I have an addiction to making references to random Bruce Willis movie titles. People have tried to help me stop but you know what they say. Old habits...

Pulp Fiction

I just realized that since my hair is thinning, my scalp may shine through in photographs depending on the lighting, and possibly blind the photographer.

Just some random reflections off the top of my head. Thanks for listening.

Trump, walking and arguing with a critic, stops a random person in the street to ask their opinion on the matter at hand.

Trump: Sir, maybe you can settle something for us; what do YOU think of how I performed as president of the United States?

Random Guy: Monumental

Trump: Thank you sir, you've been very helpful!

(To the Critic) See?! What did I tell you?

Critic: uhhhhh...that guy was Jamaican.

Was just thinking that if I shaved and shined my scalp and stood out in the sun, I could blind passersby or start a fire.

Just some random reflections off the top of my head.

if you decide to slap a random black guys ass and it turns out to be Dwayne Johnson..

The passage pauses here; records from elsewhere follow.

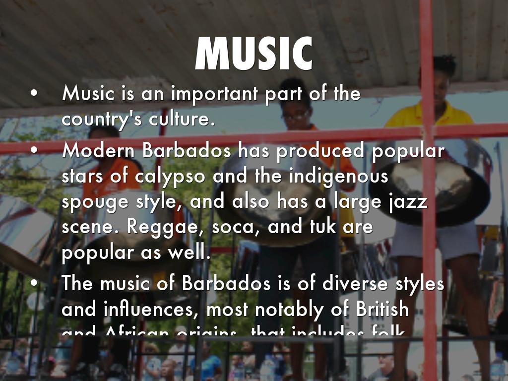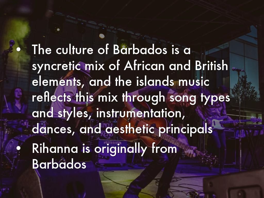 The culture of Barbados is a syncretic mix of African and British elements, and the islands music reflects this mix through song types and styles, instrumentation, dances, and aesthetic principals
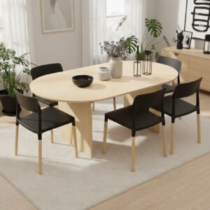 Juego de Comedor Mesa arco crudo 180cm + 6 silla Belloch negra
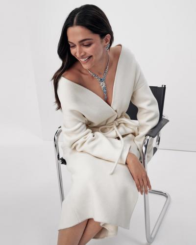 This white one-piece accentuates her grace and inner beauty, with her smile being the cherry on top. The actress adorned this mesmerizing attire from the Voyage Recommencé Collection.
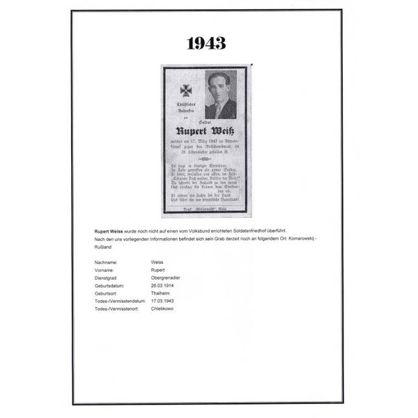 WWII German Death Notice Eastern Front 1943
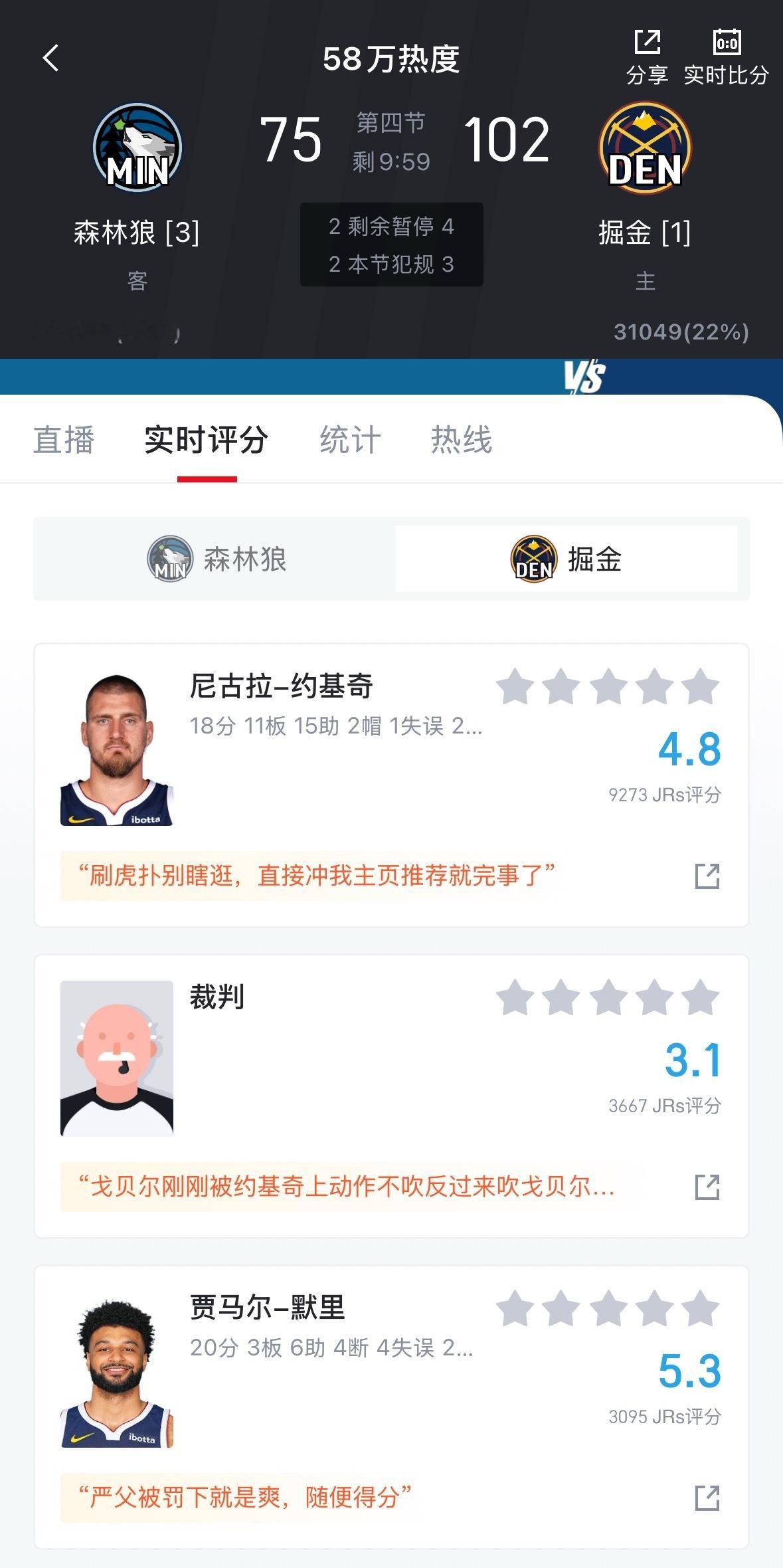掘金领先森林狼这么多 看看约基奇和穆雷的评分 虎扑被霸占多年 现在直播吧也被霸占
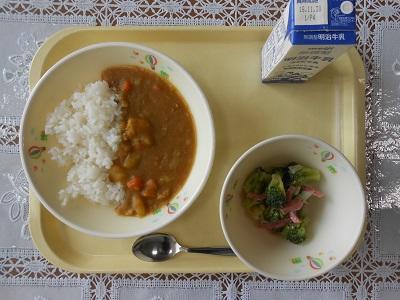 【給食メニュー】 チキンカレーとイタリアンサラダです。
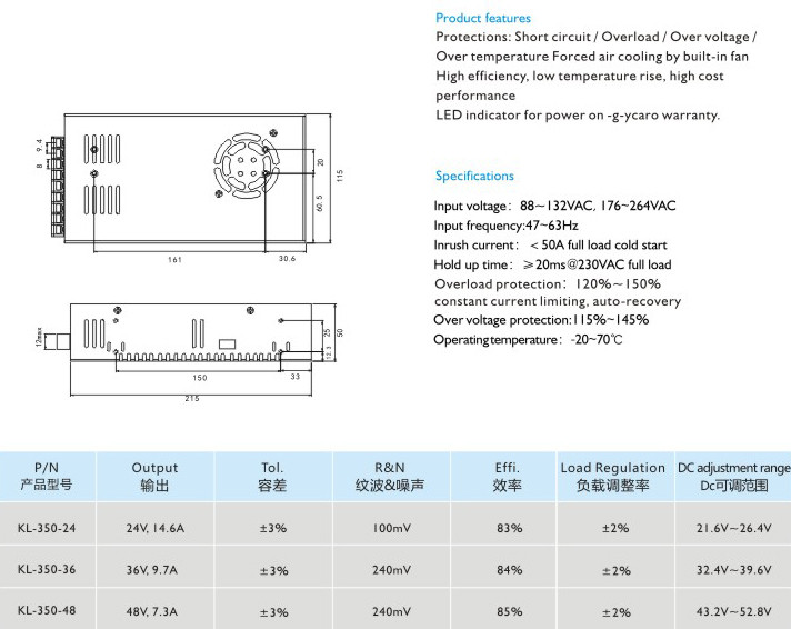 高效率、低溫升高性?xún)r(jià)比 適用于LED顯示、工業(yè)控制 輸入電壓:88-132VAC,176-264VAC 輸入頻率:47~63Hz 沖擊電流:<50A滿(mǎn)載冷態(tài) 保持時(shí)間:≥20ms@230VAC滿(mǎn)載 過(guò)載保護(hù):120%-150%限流保護(hù),自動(dòng)恢復(fù) 過(guò)壓保護(hù):115%~145% 運(yùn)行溫度:-20-70℃" />
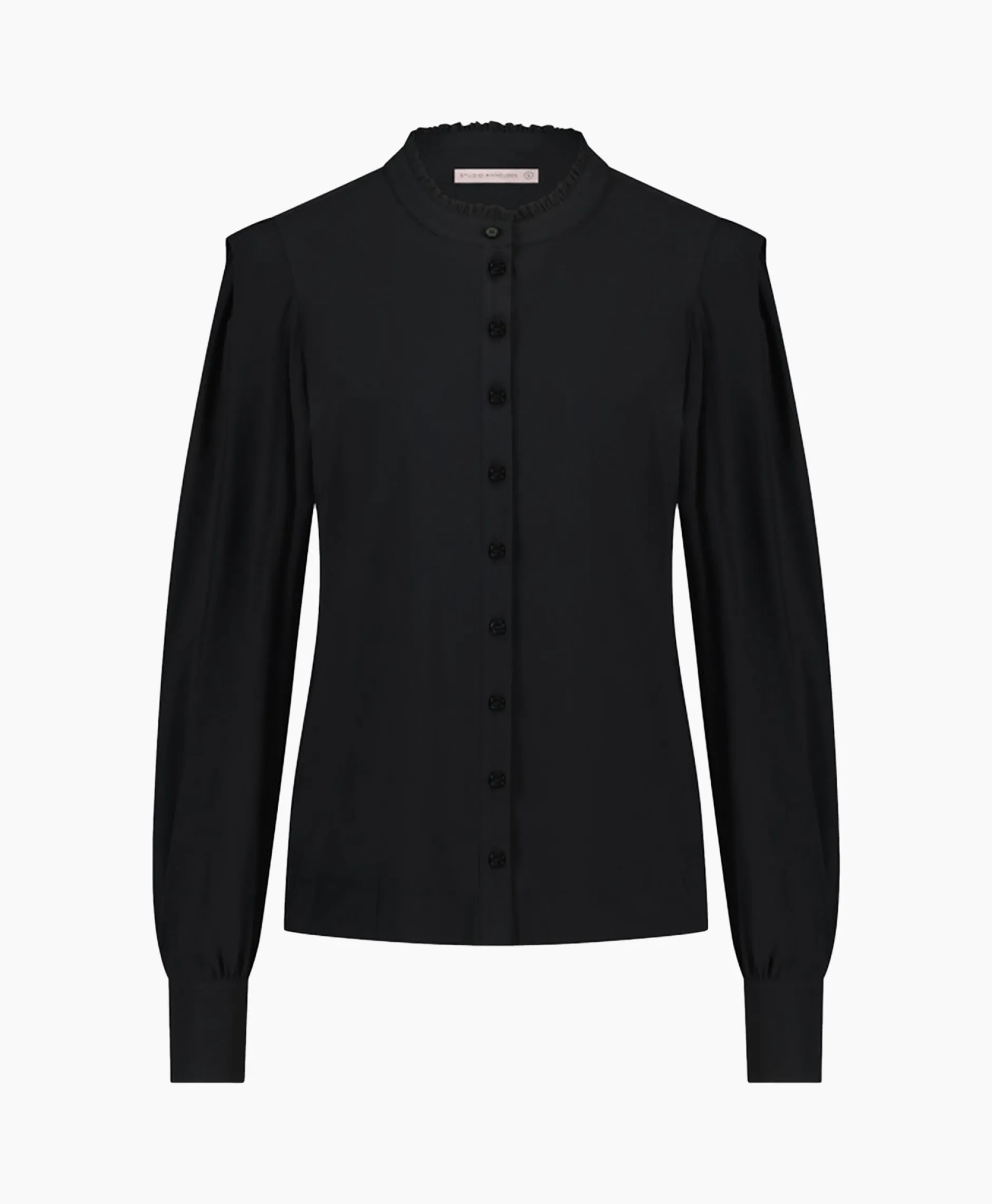 De Nellie Blouse Van Studio Anneloes Is Een Tijdloze Musthave. Deze Elegante Zwarte Blouse Heeft Een Comfortabele Fit En Biedt De Perfecte Balans Tussen Stijl En Functionaliteit. De Sierlijke Ruches Geven De Blouse Een Chique Touch. Stofsamenstelling: 73% Polyamide, 27% Elastaan.
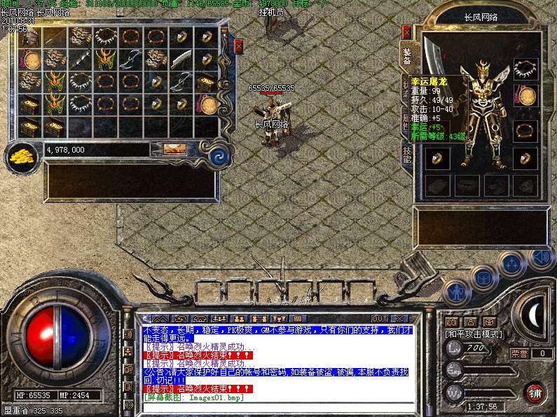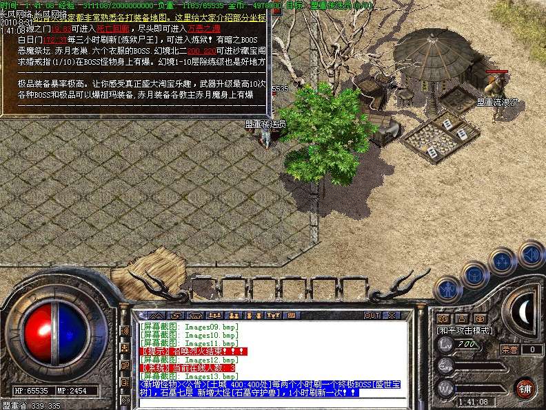 三.【特色活动】封魔谷皇宫内(17,22)与土城药店(356,336)每4小时刷一个终极BOSS〖守护神〗,此怪丧失人性,杀人不眨眼,极其凶险,望各位玩家注意!不过爆率绝对OK!!!
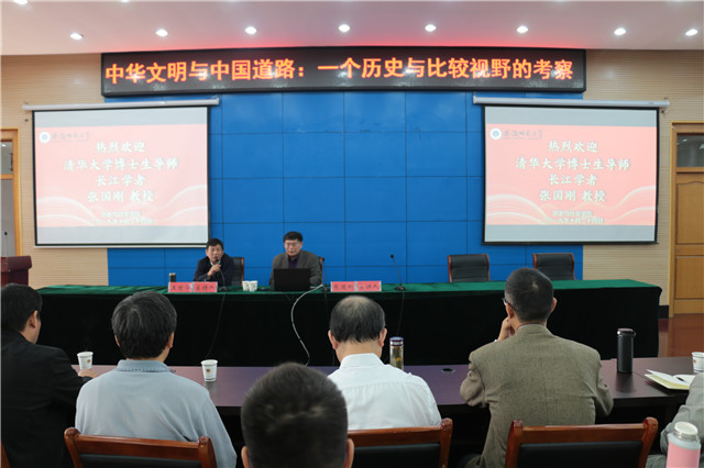 本场报告会,张国刚教授以“中华文明与中国道路:一个比较与历史的视野”为主题,既历时性深入阐释中国数千年一脉相传、富有生命力的中华文明发展脉络。同时以宏阔的世界眼光和比较视野,揭示中国文化传统的源远流长及其独特性,以深邃的史学眼光和深厚的史学修养阐释“中华文明与中国道路”的历史逻辑和现实理解。本场报告会持续了近三个小时,既融通中外,会通古今,又抉微发幽,探赜索隐。张教授以其渊博的学识和深入浅出的讲授给师生留下了深刻的印象。整场报告会讲解生动,内容丰富,引人入胜,富有理论性、学术性,启发性,受益匪浅。

..you've really hit rock bottom

I'm terrified of random letters.

Therapist: You are?

Patient: 'Screams'

Therapist: Oh I see.

Patient: 'Screaming intensifies'

I was having random bouts of diarrhea...

Couldn't figure out what the hell was causing it.

Then I started keeping track. I realized it was only happening when I would wear those polo shirts with the little alligator stitched on them.

Turns out I'm Lacoste intolerant.

A woman was pumping her gas on an extremely hot day.

As she pulled the nozzle from her car, some splashed on her arm and a random spark ignited the gas. As her arm was burning, she called for help to have someone try to quell the flame before it grew too high. To her luck, a couple police officers walked out from inside the gas station and immediately walked over to her.

As she pleaded for help, they approached her and immediately arrested her for unlawfully waving a firearm.

A cello player was found dead earlier this week. Police suspect he was murdered

They think the crime was orchestrated, but could not rule out a random act of violins

random pandemic question

According to history class, they organized wild orgies in the Middle Ages after the victory over the Plague. Is there anything planned yet? I ask for a friend.

Accordion to research, 9 out of 10 people don't notice when you replace words with random musical instruments.

Please don't become angry and resort to violins if you don't notice.

Just think that there are jokes based on truth that can bring down governments, or jokes which make girl laugh. Many of the random accidental jokes and puns are jokes supposed to be funny, but some can be offensive. When jokes go too far, are mean or racist, we try to silence them and it will be great if you give us feedback every time when a joke become bullying and inappropriate.

We suggest to use only working random arbitrary piadas for adults and blagues for friends. Some of the dirty witze and dark jokes are funny, but use them with caution in real life. Try to remember funny jokes you've never heard to tell your friends and will make you laugh.